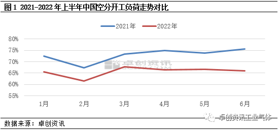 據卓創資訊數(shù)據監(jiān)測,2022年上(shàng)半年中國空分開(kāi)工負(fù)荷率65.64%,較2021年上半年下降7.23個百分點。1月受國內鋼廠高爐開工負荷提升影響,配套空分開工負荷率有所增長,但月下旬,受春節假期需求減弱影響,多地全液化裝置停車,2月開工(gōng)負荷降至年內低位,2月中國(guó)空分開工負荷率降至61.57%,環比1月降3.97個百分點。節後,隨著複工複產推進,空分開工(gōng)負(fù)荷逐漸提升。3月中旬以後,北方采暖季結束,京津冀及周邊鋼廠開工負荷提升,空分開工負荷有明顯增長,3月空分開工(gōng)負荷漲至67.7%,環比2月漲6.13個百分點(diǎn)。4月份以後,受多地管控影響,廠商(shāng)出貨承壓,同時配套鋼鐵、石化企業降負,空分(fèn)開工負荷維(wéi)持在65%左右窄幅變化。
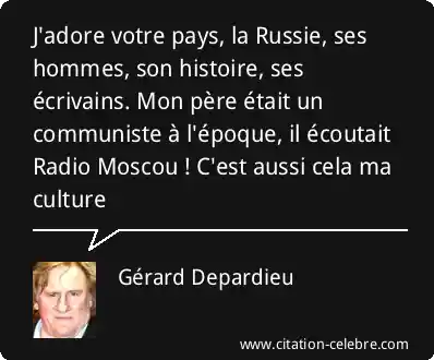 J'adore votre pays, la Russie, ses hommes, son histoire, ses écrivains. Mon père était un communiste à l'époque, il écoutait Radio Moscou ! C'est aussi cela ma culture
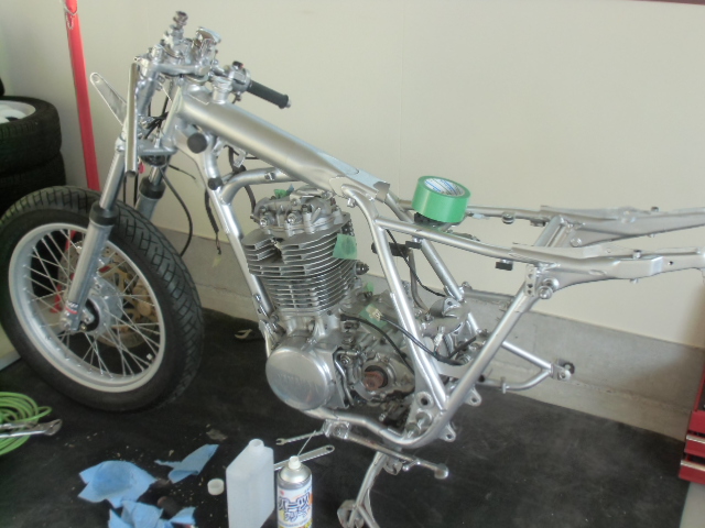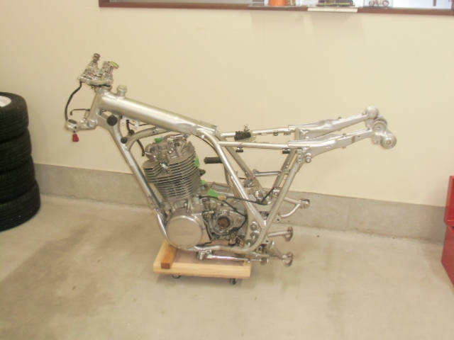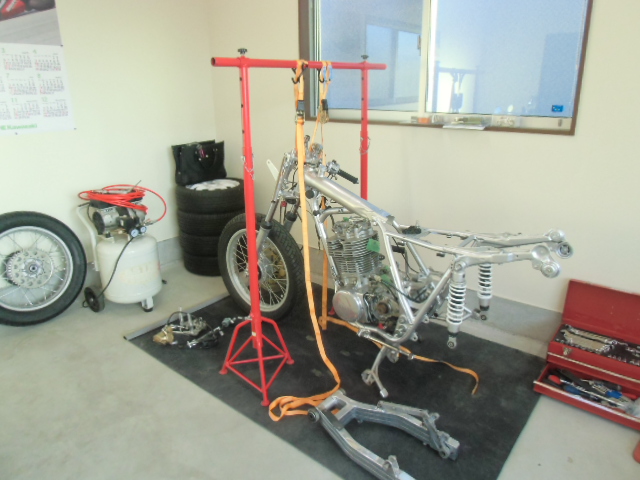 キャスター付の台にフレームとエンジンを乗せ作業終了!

TRY IT:
An exact transcript of the listing is needed, free of pictures.

ANSWER BELOW:
 據卓創資訊數(shù)據監(jiān)測,2022年上(shàng)半年中國空分開(kāi)工負(fù)荷率65.64%,較2021年上半年下降7.23個百分點。1月受國內鋼廠高爐開工負荷提升影響,配套空分開工負荷率有所增長,但月下旬,受春節假期需求減弱影響,多地全液化裝置停車,2月開工(gōng)負荷降至年內低位,2月中國(guó)空分開工負荷率降至61.57%,環比1月降3.97個百分點。節後,隨著複工複產推進,空分開工(gōng)負(fù)荷逐漸提升。3月中旬以後,北方采暖季結束,京津冀及周邊鋼廠開工負荷提升,空分開工負荷有明顯增長,3月空分開工(gōng)負荷漲至67.7%,環比2月漲6.13個百分點(diǎn)。4月份以後,受多地管控影響,廠商(shāng)出貨承壓,同時配套鋼鐵、石化企業降負,空分(fèn)開工負荷維(wéi)持在65%左右窄幅變化。
 J'adore votre pays, la Russie, ses hommes, son histoire, ses écrivains. Mon père était un communiste à l'époque, il écoutait Radio Moscou ! C'est aussi cela ma culture
 キャスター付の台にフレームとエンジンを乗せ作業終了!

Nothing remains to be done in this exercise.